Information: Begin

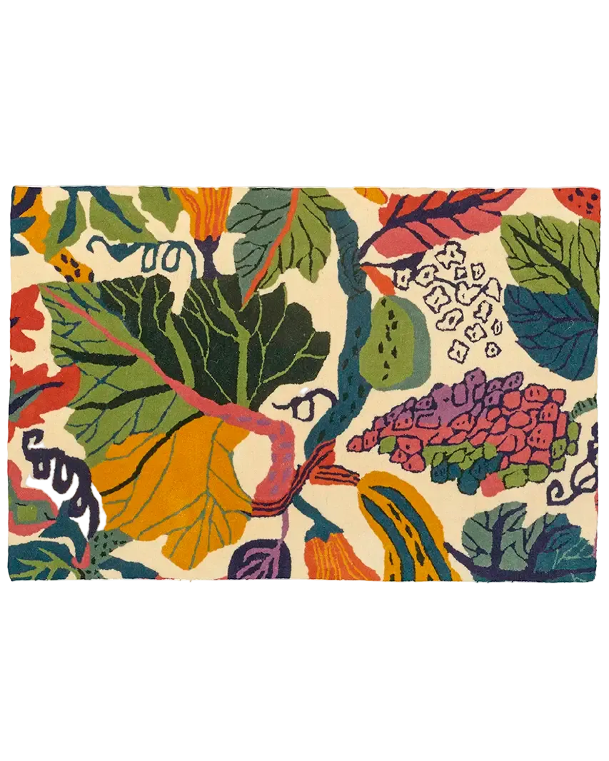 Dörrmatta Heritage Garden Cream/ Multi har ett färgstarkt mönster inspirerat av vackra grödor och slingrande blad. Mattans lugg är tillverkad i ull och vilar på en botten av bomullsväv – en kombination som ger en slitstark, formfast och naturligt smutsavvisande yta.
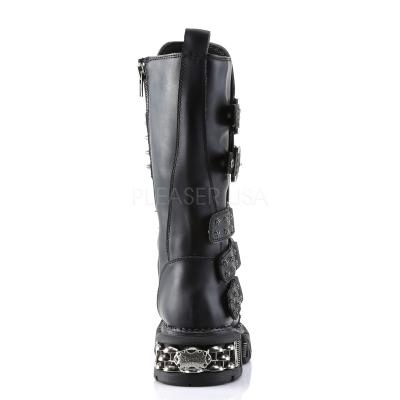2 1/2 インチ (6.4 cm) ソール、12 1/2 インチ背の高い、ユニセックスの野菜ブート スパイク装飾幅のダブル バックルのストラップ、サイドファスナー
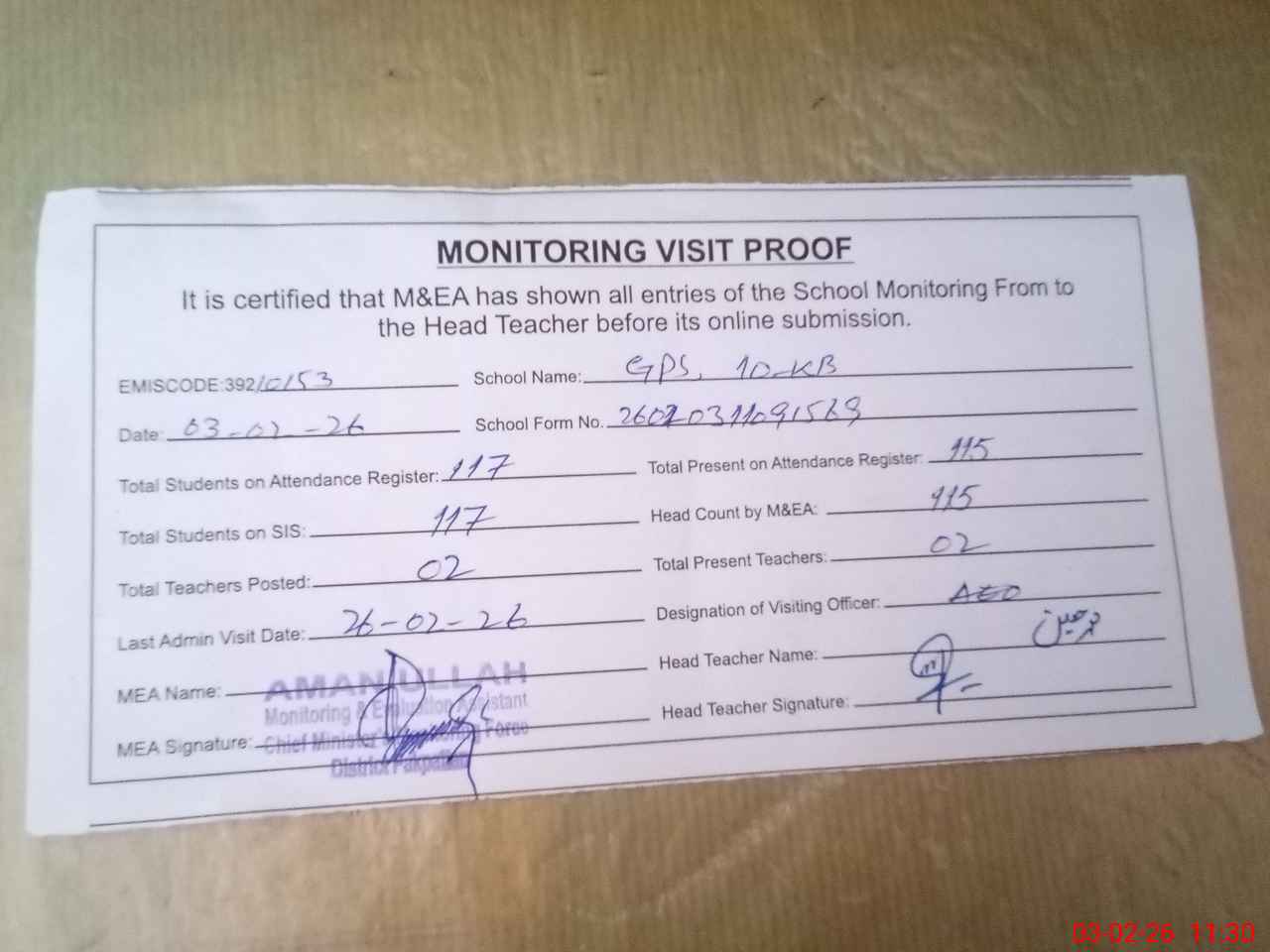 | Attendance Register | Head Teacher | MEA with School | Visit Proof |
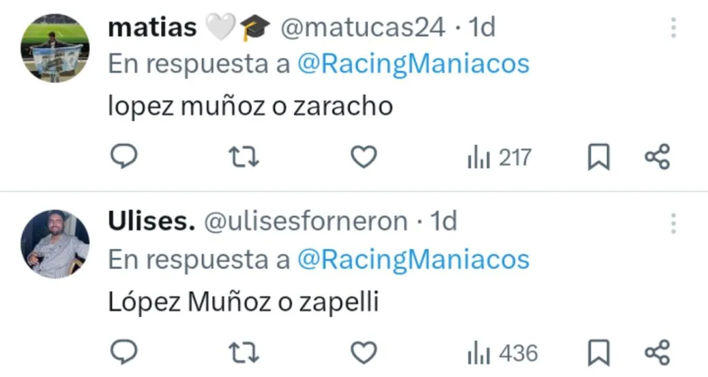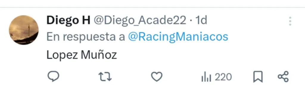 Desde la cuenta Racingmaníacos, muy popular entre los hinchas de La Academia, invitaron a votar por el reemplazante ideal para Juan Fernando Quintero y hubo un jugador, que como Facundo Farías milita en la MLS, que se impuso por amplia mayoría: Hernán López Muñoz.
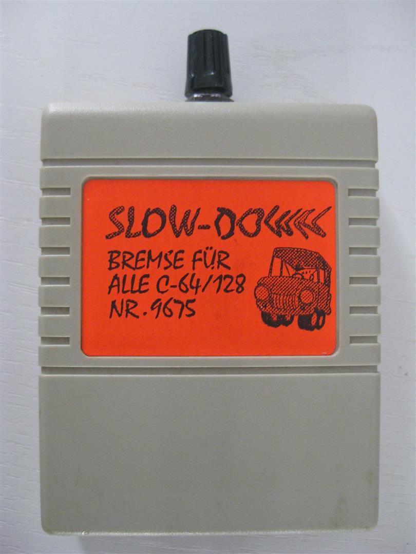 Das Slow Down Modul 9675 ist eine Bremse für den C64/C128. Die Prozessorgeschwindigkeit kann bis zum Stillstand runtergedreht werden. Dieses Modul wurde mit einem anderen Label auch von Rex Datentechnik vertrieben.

Information: End

*Task to complete*: Your answer must be the records above, word for word, with every picture left out.

*Task answer*:
 Dörrmatta Heritage Garden Cream/ Multi har ett färgstarkt mönster inspirerat av vackra grödor och slingrande blad. Mattans lugg är tillverkad i ull och vilar på en botten av bomullsväv – en kombination som ger en slitstark, formfast och naturligt smutsavvisande yta.
2 1/2 インチ (6.4 cm) ソール、12 1/2 インチ背の高い、ユニセックスの野菜ブート スパイク装飾幅のダブル バックルのストラップ、サイドファスナー
 | Attendance Register | Head Teacher | MEA with School | Visit Proof |
 Desde la cuenta Racingmaníacos, muy popular entre los hinchas de La Academia, invitaron a votar por el reemplazante ideal para Juan Fernando Quintero y hubo un jugador, que como Facundo Farías milita en la MLS, que se impuso por amplia mayoría: Hernán López Muñoz.
 Das Slow Down Modul 9675 ist eine Bremse für den C64/C128. Die Prozessorgeschwindigkeit kann bis zum Stillstand runtergedreht werden. Dieses Modul wurde mit einem anderen Label auch von Rex Datentechnik vertrieben.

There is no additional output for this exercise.